Before evolving a model with APS 3.0 you must first load
and transform the input data for the learning algorithm.
To Load Input Data for Modeling
- Click the Run menu and then choose New.
The New Run wizard appears. You must give a name to your new run file (the default filename extension of APS 3.0 run files is .gep) and choose the problem category.
- Go to the Data Source window by clicking the Next button.
For time series prediction problems only text files can be used
for input.
- Then go to the Data Files dialog box by clicking the Next button.
Choose the path for the time series by browsing the Open dialog box.
- Then go to the Time Series Transformation dialog box by clicking the Next button.
Set the appropriate Embedding Dimension and Delay Time for transforming the time series. Then, depending on whether you wish to make predictions about the future or test the predictive power of the evolved models on known behavior, choose either Testing or Prediction.
- Click the Next button to load and transform the time series.
The Testing Datasets dialog box appears and there you can monitor both the original and transformed time series.
- Click the Next button and then Finish to save your new run file.
The Save As dialog box appears and after choosing the directory where you want your new run file to be saved, the Automatic Problem Solver 3.0 modeling environment appears.
Then you just have to click the Evolve button to create a model as APS 3.0 automatically chooses, from a gallery of templates, default settings that will enable you to evolve a model immediately.
In time series modeling, be it performed by learning algorithms or conventional statistical methods, it is extremely important the way one chooses to transform the time series before embarking on a complex, usually time consuming modeling process.
First of all, there is the size of the time series to consider and how you choose to transform it, that is, which values will be chosen for the
Embedding Dimension and the Delay Time, because all these factors together will determine the number of
Training Samples actually used for modeling.
The time series transforming engine of APS 3.0 is operational every time you create a new run or every time you change either the
Embedding Dimension or the Delay Time, the Prediction Mode or the
number of Testing Predictions during a
run in the General Settings Tab.
In practice, the embedding dimension corresponds to the number of independent variables or terminals after your time series has been transformed and, therefore, will have a strong impact on the complexity of the problem.
The delay time t determines how data are processed, that is, continuously if
t = 1 or at t
intervals.
These two parameters, together with the size of the time series and
the prediction mode, will determine the final number of training samples after the transformation of the time series.
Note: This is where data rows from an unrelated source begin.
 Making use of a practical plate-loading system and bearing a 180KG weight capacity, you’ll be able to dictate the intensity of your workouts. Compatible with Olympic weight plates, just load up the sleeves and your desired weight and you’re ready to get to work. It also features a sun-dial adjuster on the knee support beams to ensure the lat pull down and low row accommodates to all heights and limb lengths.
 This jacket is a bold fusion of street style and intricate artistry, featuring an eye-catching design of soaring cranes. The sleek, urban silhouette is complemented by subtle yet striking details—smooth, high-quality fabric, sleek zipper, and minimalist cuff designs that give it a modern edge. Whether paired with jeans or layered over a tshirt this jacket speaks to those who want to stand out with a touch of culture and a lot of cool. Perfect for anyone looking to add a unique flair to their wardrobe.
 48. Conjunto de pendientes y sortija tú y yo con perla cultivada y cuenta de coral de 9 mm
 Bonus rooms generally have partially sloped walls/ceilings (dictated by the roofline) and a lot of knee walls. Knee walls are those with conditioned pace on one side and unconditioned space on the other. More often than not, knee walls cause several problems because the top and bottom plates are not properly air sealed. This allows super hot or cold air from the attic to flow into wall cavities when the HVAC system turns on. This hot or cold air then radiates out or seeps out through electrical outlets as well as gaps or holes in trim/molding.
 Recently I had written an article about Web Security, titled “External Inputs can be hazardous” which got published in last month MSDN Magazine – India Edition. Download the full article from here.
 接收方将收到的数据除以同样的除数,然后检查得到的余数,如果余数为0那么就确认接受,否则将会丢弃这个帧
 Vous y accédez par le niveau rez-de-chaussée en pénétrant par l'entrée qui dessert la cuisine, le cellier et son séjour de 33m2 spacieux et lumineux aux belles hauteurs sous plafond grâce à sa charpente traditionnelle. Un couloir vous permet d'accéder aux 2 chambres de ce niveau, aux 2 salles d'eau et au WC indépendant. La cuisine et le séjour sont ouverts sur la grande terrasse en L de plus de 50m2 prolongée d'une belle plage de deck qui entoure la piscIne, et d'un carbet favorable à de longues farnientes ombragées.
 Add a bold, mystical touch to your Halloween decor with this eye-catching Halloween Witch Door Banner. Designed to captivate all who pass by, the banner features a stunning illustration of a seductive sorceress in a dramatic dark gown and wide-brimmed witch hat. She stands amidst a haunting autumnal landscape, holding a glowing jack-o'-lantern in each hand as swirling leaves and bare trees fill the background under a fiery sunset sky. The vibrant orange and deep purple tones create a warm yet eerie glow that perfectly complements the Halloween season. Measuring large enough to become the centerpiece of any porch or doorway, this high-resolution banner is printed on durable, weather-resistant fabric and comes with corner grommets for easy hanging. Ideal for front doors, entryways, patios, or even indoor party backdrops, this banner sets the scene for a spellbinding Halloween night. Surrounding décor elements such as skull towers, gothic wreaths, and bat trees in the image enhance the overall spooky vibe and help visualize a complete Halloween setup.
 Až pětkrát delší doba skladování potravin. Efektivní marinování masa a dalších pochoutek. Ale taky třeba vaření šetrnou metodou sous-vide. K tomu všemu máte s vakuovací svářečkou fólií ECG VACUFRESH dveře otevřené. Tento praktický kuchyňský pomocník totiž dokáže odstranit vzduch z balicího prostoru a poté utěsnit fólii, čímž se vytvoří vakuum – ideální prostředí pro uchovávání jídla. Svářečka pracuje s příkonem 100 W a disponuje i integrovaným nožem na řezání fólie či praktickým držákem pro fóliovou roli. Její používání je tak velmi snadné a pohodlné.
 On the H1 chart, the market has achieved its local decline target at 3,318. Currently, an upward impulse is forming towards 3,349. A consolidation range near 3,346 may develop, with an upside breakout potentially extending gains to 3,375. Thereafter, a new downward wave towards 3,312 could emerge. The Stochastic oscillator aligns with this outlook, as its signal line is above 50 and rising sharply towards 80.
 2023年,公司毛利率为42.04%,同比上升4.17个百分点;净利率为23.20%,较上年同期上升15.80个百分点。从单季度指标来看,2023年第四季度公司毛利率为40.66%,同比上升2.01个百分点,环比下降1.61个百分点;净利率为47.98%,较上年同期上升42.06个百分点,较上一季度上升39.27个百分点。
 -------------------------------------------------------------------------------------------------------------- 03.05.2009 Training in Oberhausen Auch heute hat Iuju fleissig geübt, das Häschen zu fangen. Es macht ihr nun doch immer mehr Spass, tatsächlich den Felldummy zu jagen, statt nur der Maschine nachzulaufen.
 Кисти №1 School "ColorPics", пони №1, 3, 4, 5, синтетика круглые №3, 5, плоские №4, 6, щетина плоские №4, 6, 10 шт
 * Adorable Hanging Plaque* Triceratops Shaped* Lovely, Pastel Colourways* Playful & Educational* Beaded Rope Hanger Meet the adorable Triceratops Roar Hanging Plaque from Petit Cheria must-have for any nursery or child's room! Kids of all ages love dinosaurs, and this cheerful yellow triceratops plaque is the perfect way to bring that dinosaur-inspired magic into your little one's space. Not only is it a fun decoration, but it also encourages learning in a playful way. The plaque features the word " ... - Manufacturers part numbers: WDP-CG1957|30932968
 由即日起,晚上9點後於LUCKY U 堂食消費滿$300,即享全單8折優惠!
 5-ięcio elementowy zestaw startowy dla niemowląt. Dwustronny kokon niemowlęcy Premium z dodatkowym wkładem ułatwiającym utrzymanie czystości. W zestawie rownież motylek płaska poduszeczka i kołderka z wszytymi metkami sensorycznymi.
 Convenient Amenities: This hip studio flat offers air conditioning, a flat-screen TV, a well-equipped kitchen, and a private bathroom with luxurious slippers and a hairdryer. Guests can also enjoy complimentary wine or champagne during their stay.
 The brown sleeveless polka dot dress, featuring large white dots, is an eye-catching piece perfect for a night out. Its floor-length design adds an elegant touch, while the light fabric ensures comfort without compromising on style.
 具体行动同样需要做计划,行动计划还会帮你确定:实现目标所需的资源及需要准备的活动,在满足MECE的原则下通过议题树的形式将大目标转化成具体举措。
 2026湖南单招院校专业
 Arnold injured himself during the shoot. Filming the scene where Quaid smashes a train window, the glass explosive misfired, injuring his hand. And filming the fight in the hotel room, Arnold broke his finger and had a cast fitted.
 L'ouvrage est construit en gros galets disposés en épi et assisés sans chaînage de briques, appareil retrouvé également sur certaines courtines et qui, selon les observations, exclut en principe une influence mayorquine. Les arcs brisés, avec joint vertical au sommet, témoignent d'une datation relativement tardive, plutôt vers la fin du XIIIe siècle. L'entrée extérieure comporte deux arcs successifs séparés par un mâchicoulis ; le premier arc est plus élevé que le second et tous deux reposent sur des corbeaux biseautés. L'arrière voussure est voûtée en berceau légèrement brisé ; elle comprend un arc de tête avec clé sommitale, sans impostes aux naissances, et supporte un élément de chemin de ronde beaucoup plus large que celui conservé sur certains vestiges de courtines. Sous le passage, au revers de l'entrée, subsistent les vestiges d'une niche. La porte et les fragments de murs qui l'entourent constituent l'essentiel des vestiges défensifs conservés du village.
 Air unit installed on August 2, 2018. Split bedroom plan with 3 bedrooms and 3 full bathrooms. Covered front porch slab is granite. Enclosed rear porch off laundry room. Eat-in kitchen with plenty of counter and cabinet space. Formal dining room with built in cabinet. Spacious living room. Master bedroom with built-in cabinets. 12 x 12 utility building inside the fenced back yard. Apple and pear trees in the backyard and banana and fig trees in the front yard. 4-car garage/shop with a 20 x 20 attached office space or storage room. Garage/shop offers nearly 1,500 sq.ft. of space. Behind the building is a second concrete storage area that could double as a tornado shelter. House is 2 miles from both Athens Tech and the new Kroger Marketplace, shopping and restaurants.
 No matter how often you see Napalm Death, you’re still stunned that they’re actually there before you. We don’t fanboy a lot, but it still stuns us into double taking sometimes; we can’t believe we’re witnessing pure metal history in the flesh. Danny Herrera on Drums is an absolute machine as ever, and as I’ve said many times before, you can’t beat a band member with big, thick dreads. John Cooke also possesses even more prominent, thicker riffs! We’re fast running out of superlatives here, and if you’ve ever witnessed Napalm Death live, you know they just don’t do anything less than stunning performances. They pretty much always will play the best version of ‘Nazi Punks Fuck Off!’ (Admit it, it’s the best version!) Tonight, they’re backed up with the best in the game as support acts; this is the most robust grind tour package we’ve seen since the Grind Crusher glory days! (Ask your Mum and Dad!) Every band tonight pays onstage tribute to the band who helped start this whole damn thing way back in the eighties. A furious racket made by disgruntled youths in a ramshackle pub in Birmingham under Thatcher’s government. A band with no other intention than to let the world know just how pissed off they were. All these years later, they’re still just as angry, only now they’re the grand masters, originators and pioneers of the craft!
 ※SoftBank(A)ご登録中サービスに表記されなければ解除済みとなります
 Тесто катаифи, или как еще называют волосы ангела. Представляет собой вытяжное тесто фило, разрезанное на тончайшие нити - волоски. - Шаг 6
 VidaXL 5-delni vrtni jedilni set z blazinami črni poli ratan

The data are then ready for evolving prediction models with them and can be visualized in the
Data
Panel before evolving a new model.
And, as for Function Finding or Classification problems, it is important to
choose a reasonable number of samples for training: an excessively large number of samples will slow the modeling process unnecessarily. A good rule of thumb consists of using about 8-10 samples for each independent variable in your training data. For instance, for a time series with 100 observations, an embedding dimension of 10 and a delay time of one, will result in a training set with 90 samples which consists of an extremely well balanced training set.
|